In the univariate analysis stage of exploratory data analysis (EDA), the focus is on examining individual variables within the dataset in isolation. This involves exploring the distribution, central tendency, spread, and potential outliers associated with each variable. By visualizing and summarizing the characteristics of one variable at a time, analysts can identify key features and patterns that contribute to the overall understanding of the data.

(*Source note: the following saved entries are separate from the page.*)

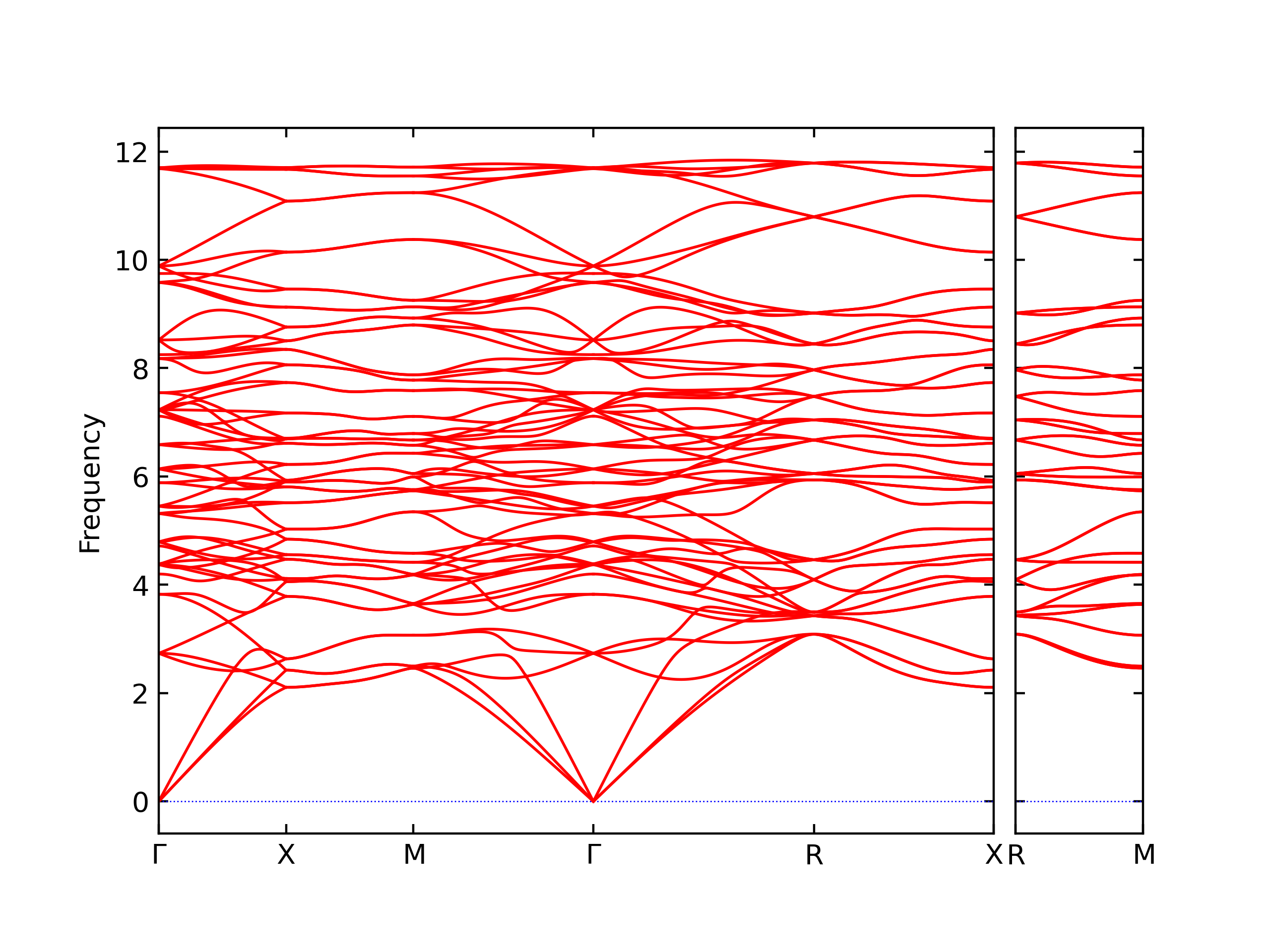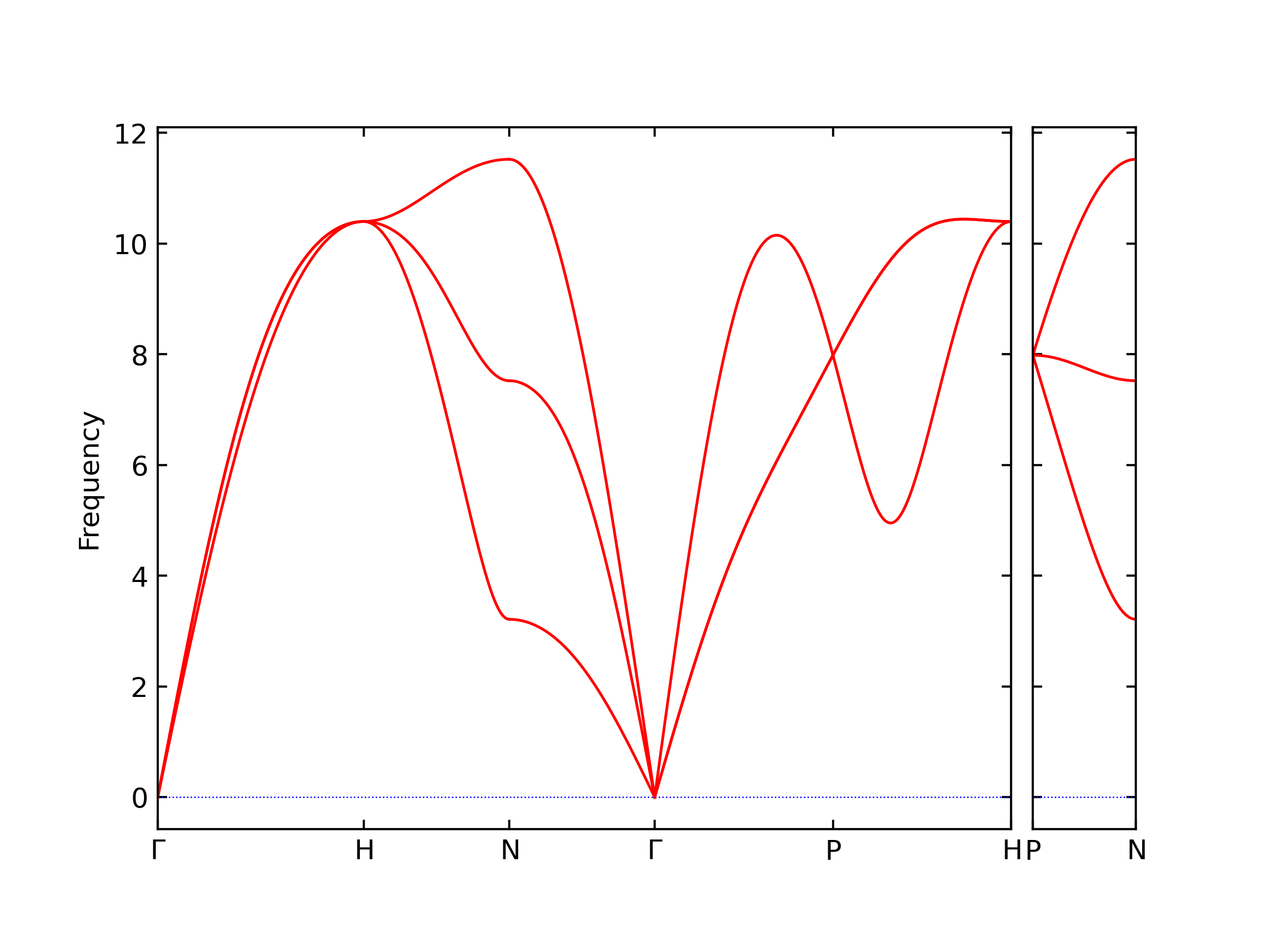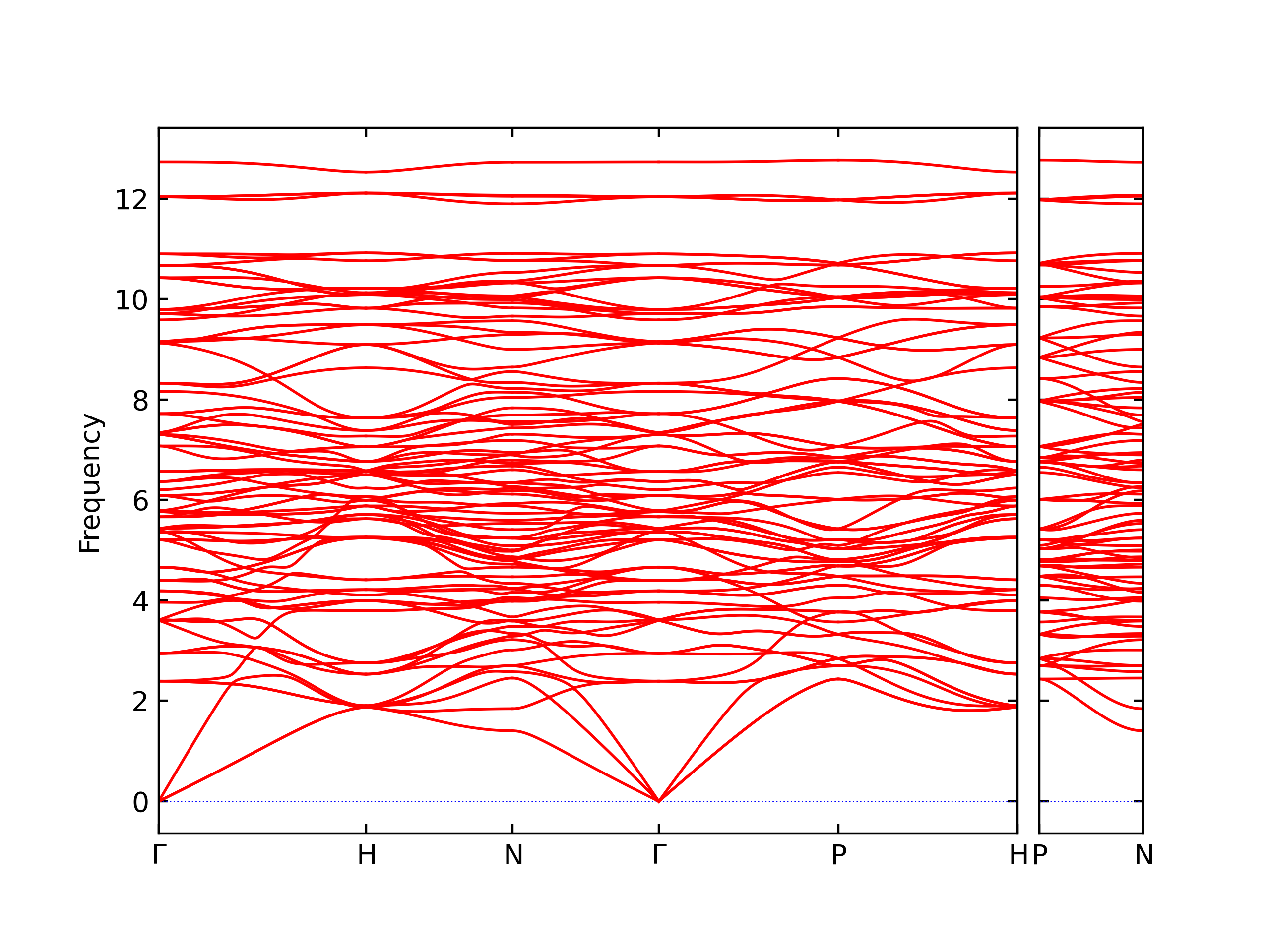 Phonon band structures and crystal properties estimated from quasi-harmonic approximation (QHA) calculations are displayed for select crystals. The calculations were performed using phonopy and LAMMPS. For the phonon calculations, 3x3 supercells of the potential-specific relaxed crystals were used. The QHA calculations were based on 11 strain states ranging from -0.05 to 0.05.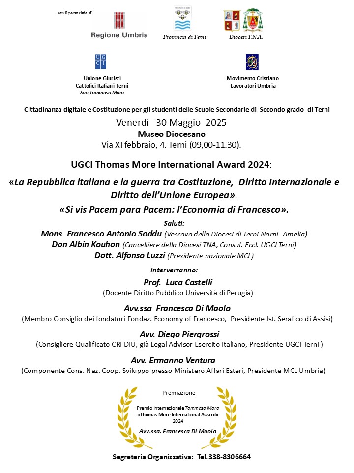L’Unione Giuristi Cattolici Italiani sezione di Terni “San Tommaso Moro”, il Movimento Cristiano Lavoratori Umbria, nell’ambito del progetto nell’ambito del Progetto Cittadinanza digitale e Costituzione per gli studenti delle Scuole Secondarie di secondo grado, promuovono il convegno “La Repubblica italiana e la guerra tra Costituzione, Diritto Internazionale e Diritto dell’Unione Europea”. “Si vis Pacem para Pacem: l’Economia di Francesco”, che si terrà venerdì 30 maggio 2025 dalle ore 9 alle 11.30 presso il Museo Diocesano di Terni.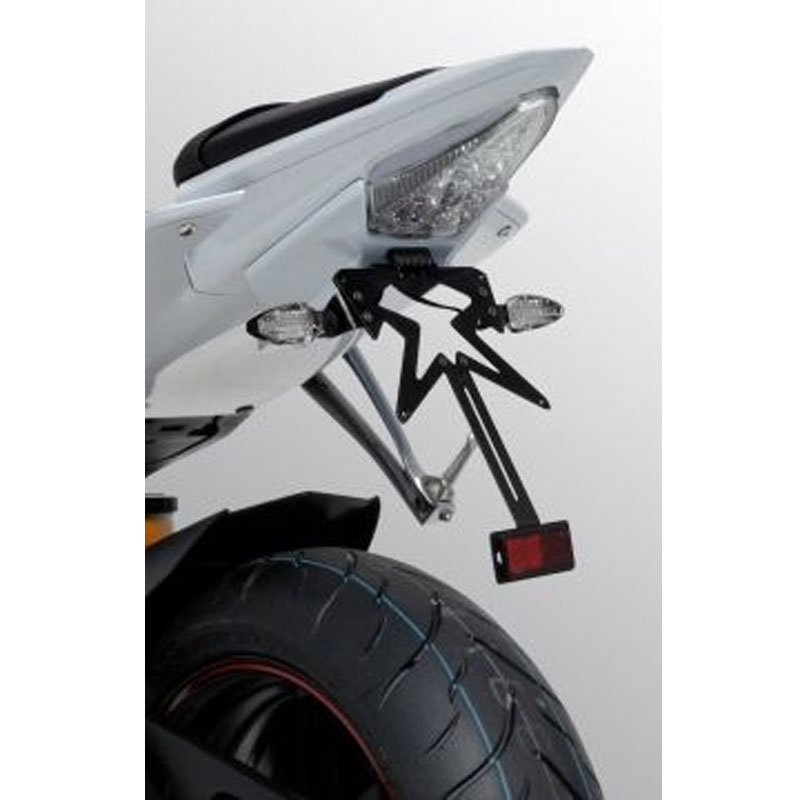 Support de plaque en ABS thermoforméLivré prêt à monterVis de fixation, notice de montageÉclairage de plaque à LED E9Support de plaque alu noirSupport de catadioptre alu noirClignotants en optionAucune garantie pour l’exactitude de l’image ou de la description de produit..Avertissement concernant l’utilisation et le montage des pièces: Passage de roue et/ou support de plaqueAfin de respecter les normes de sécurité routière, il est indispensable d’observer les règles de montage des dispositifs d’éclairage, de signalisation lumineuse, et de la plaque d’immatriculation décrites dans les directives européennes 2009/67/CE et 2009/62/CE.Il est conseillé de vérifier l’inclinaison de la plaque minéralogique avant le montage, et si nécessaire, de plier le support plaque métallique de manière à conserver une inclinaison dans les normes (ne pas plier le support métallique quand il est inséré dans la pièce en ABS) (pièce fournie avec certains passages de roue et supports de plaques).Nous vous rappelons que la loi française impose la présence d’un catadioptre homologué à l’arrière de tous les véhicules deux roues.
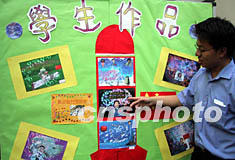 香港圣公会诸圣小学学生发挥创意,以计算机创作墙报板,祝贺杨利伟成功升空,并欢迎他光临香港。作者:张淑琴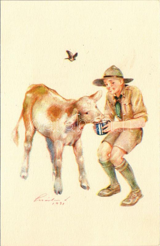 A cserkész szereti a természetet, jó az állatokhoz. A Magyar Cserkészszövetség kiadása / Hungarian boy scout art postcard s: Márton L.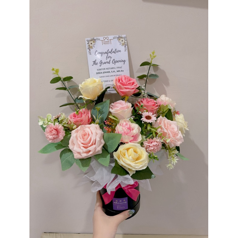 Bloom Box Floowers Ellegant | Karangan Bunga Buket Cocok untuk kelulusan / Grand Opening / Hampers Natal mewah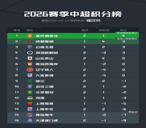 實時積分榜上,銅梁龍兩輪1勝1平,積4分,暫列積分榜首位。少賽一輪的成都、云南位列二三,西南地區三支球隊排名中超前三。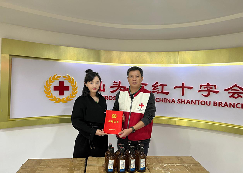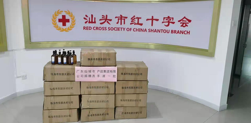 于2021年11月25日廣東燦城農產品集團有限公司向汕頭紅十字會捐贈洗手液一批,希望盡企業的微薄之力給前線醫護人員帶去保護以及溫暖,希望前線的醫護人員能夠在堅守崗位的同時做好防護措施。
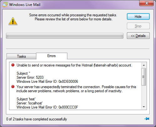 Dear professor, I finished setting up a local email testing. When I try to send an email I get an error using Windows Live Mail. Please see the attached file. |

Analyzing the distribution, central tendency, and measures of dispersion provides valuable insights into the fundamental properties and behaviors of the variables, laying the groundwork for more comprehensive analyses that explore relationships and uncover deeper insights within the dataset.

In [31]:
def get_count1(df,column):
  

        plt.figure(figsize=(16,8))
        sns.countplot(x=column,data=df, order=df[column].value_counts().iloc[:10].index)
        plt.title(f'No of orders per top 10 {column}')
        plt.xlabel(column)
        plt.xticks(rotation=90)
        plt.show();

In [32]:
get_count1(df, 'Country')

TypeError: 'function' object is not subscriptable

<Figure size 1152x576 with 0 Axes>

In [33]:
get_count1(df, 'Description')

TypeError: 'function' object is not subscriptable

<Figure size 1152x576 with 0 Axes>

In [34]:
get_count1(df, 'Month')

TypeError: 'function' object is not subscriptable

<Figure size 1152x576 with 0 Axes>

# Time of Day 

In [35]:
def get_time(Hour):
    if Hour < 12:
         return 'Morning'
    if Hour > 12 and Hour < 16:
        return 'Afternoon'
    else:
        return 'Evening'

In [36]:
df['time_day']=df['Hour'].apply(get_time)
df['time_day'].value_counts()

TypeError: 'function' object is not subscriptable

In [37]:
get_count1(df,'time_day')

TypeError: 'function' object is not subscriptable

<Figure size 1152x576 with 0 Axes>

In [38]:
get_count1(df,'Day_week')

TypeError: 'function' object is not subscriptable

<Figure size 1152x576 with 0 Axes>

In [39]:
plt.figure(figsize=(15,8))
sns.countplot(x='UnitPrice',data=df,order=df['UnitPrice'].value_counts().iloc[:5].index);

TypeError: 'function' object is not subscriptable

<Figure size 1080x576 with 0 Axes>

The univariate analysis phase of the exploratory data analysis (EDA) process has yielded valuable insights into the individual variables within the dataset. By closely examining the characteristics and distributions of each variable through the use of visualizations, such as histograms and density plots, along with comprehensive summary statistics, analysts have been able to identify significant patterns, tendencies, and potential irregularities. This detailed exploration of the variables in isolation has laid the groundwork for a deeper understanding of the dataset as a whole. The insights gained from the univariate analysis will now inform and guide the subsequent, more complex analyses, enabling researchers to uncover meaningful relationships and gain a comprehensive overview of the data.

 # Bivariate Analysis 

# Multivarite Analysis

In [41]:
# Pairwise Relationship Visualization of Continuous Data Features with Seaborn
sns.set_context("paper", font_scale= 1)

continuous_data = df.loc[:,["UnitPrice", "Quantity", "Description", "Month"]]
                              
n = sns.pairplot(continuous_data)

AttributeError: 'function' object has no attribute 'loc'

# Bivariate Analysis 

Building upon the foundational insights from the univariate analysis, the bivariate analysis stage delves deeper by examining the relationships between pairs of variables within the dataset. This involves scrutinizing how the variables interact and influence one another, enabling the uncovering of potential correlations, associations, or even causal relationships. By utilizing techniques such as scatter plots, correlation coefficients, and statistical tests, researchers can identify the nature and strength of the connections between variables, providing a more comprehensive understanding of the dataset. This deeper exploration of the interdependencies and interactions lays the groundwork for more advanced multivariate analyses, empowering researchers to uncover intricate patterns and gain a holistic perspective on the data.

In [43]:
ef get_biv(column1, df, column2):
    # Creating a DataFrame with the top 10 values of column1
    top_values = df[column1].value_counts().iloc[:10].index
    df_filtered = df[df[column1].isin(top_values)]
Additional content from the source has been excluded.